The city's own staff argued this project would save $1.1 million annually in operating costs. That comparison is against the cancelled Junction East new-build — a project that no longer exists. It is not a comparison against what taxpayers pay today. The net-new cost above current spending has never been publicly quantified by the city.

Greater Sudbury's library and Art Gallery are public institutions residents expect to operate for generations. Once the hub opens, the incremental operating increase becomes a permanent addition to the annual tax levy — year after year, with no defined end — unless council makes an active decision otherwise. That long-term commitment has never been presented to the public in a single document.

Section 06 — Debt servicing

Debt payments on top of everything else

Municipal debt does not disappear once a building opens. The city borrowed to fund this project — and that debt must be serviced annually through the property tax levy for the life of the loan.

Estimated annual debt servicing — 4–5% municipal borrowing rate over 20 years
Best case ($37M borrowed) — estimated annual debt payment
~$2.7M / yr
Likely case ($50M borrowed) — estimated annual debt payment
~$3.7M / yr
Worst case ($64.5M borrowed) — estimated annual debt payment
~$4.8M / yr
Total interest paid over 20 years at worst case
~$31M
Estimates based on standard municipal borrowing rates of 4–5% over a 20-year amortization period. Actual rates and terms depend on the city's debenture structure. These figures are in addition to annual operating cost increases — not included in them.

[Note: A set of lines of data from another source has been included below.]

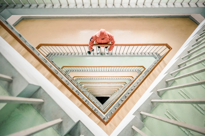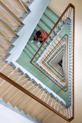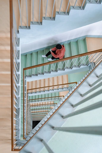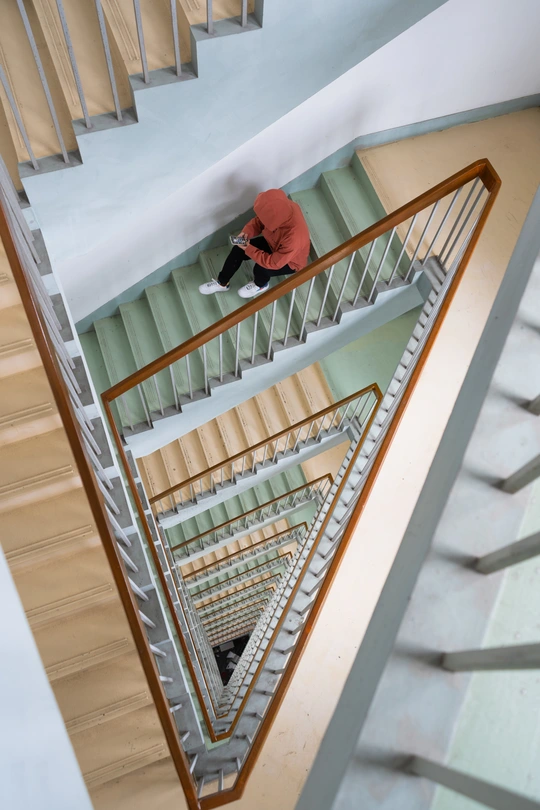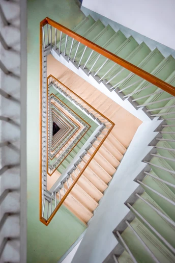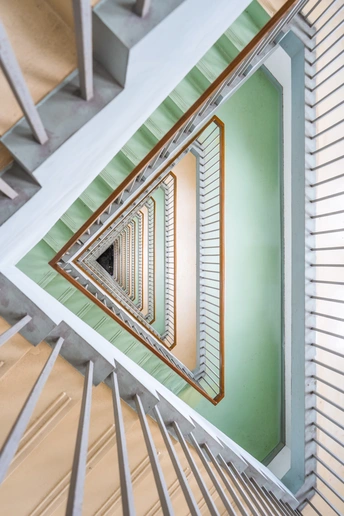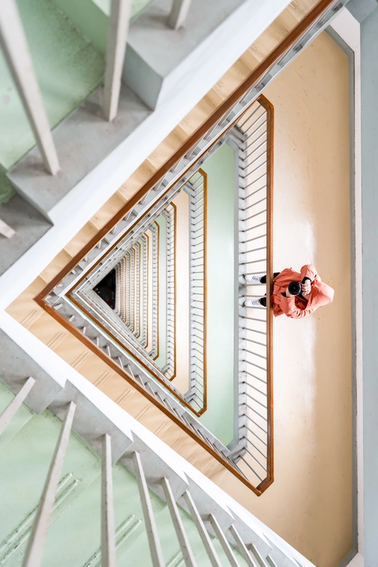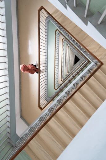 规整的三角形楼梯层层嵌套,由橙色和薄荷绿相间排列,仿佛马卡龙无尽的几何迷宫。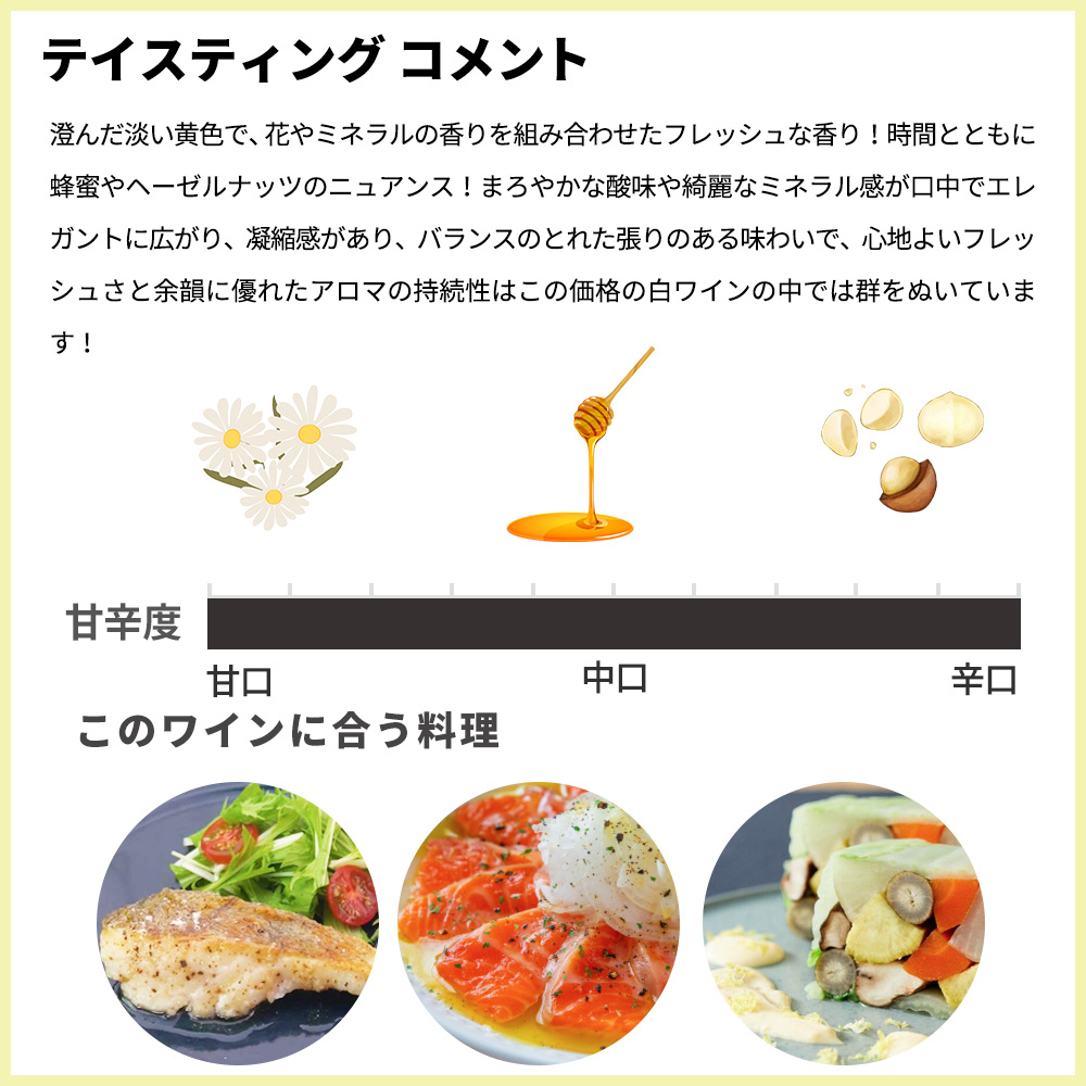 透明感のある黄金色!豊かで繊細な香り!洗練され発達したアロマは、白い花や柑橘系、さらにはヘーゼルナッツや蜂蜜を連想させる、究極の味わい!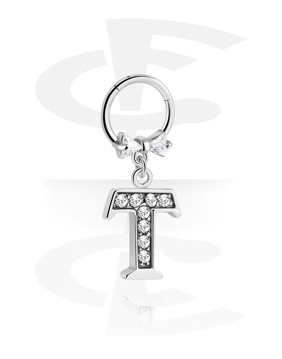 Pírsingový clicker (chirurgická oceľ, strieborná, lesklý povrch) s luk a príveskom s písmenom „T“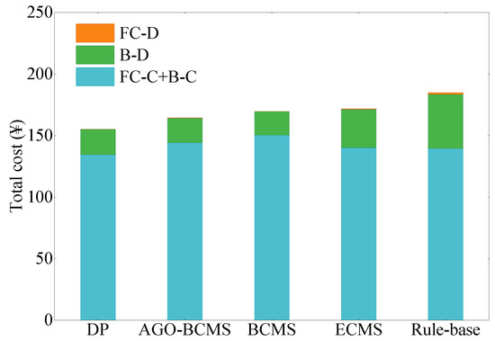 From the composition of the total operating cost shown in Figure 14, it is evident that battery degradation cost significantly impacts the total operating cost. Due to the constraint of approximate global optimal rules, the proposed strategy exhibits global optimization characteristics close to DP, considering battery degradation cost globally to ensure balanced optimization of all costs. The battery degradation costs for the proposed strategy and DP are CNY 20.8438 and CNY 20.0115, respectively, while the battery degradation costs for BCMS, ECMS and rule-based strategies are CNY 19.2022, CNY 31.3106 and CNY 44.1090. Compared to ECMS and rule-based strategies, the proposed strategy reduces battery degradation cost by CNY 11.1956 and CNY 23.9940, respectively. This is mainly due to the optimization of multi-objective cost balancing. The proposed strategy exhibits a slightly higher battery degradation cost compared to the BCMS, as it suppresses the output of the fuel cell, leading to increased battery usage.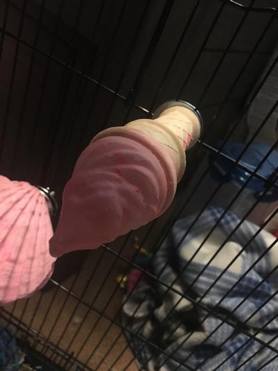 It is GINORMOUS and my Macaw is terrified of it. If your bird is a voracious mineral-block-chewer, or a fearless toy attacker, this will be ideal for your setup and this will be the first block that will last a very long time. However, if your bird is somewhat afraid of objects that are almost as large as their body occupying the corner of their cage, then you will understand. My Macaw eyeballs this gigantic ice cream cone with suspicion.

There are two ways to look at the long-term cost picture. Both are accurate. Both matter. Neither has ever been presented to the public by the city.

Total public expenditure over 20 years — what Sudbury will spend on this hub and its institutions in total
$355–415M
Build cost: up to $64.5M. Debt interest: up to $31M. Full operating costs of the library and gallery over 20 years at current-and-growing rates ($13–16M/yr): $260–320M. This is the total public investment committed to these institutions going forward.
Net-new cost above what taxpayers pay today — the additional burden created specifically by this project
$155–215M
Build cost: up to $64.5M. Debt interest: up to $31M. Net-new incremental operating increases above current spending over 20 years at $3–6M/yr: $60–120M. This is the cost directly attributable to building the hub — above the status quo.

Neither figure has ever been presented to the public by the City of Greater Sudbury in a single document. Residents were asked to support this project without seeing either number.

Section 07 — Broader context

Is this the right priority for Greater Sudbury?

Greater Sudbury maintains over 3,600 lane kilometres of roads — roughly the distance from Sudbury to Mexico City. The city's road infrastructure deficit is well documented and growing. The arena project has already placed significant financial strain on the municipality. Property taxes have increased every year.

Against that backdrop, committing up to $64.5 million in municipal debt to build — and millions more every year in net-new operating costs — a downtown library and art gallery raises a question every Sudburian deserves an honest answer to: who decided this was the priority, and were residents meaningfully consulted before the money was committed?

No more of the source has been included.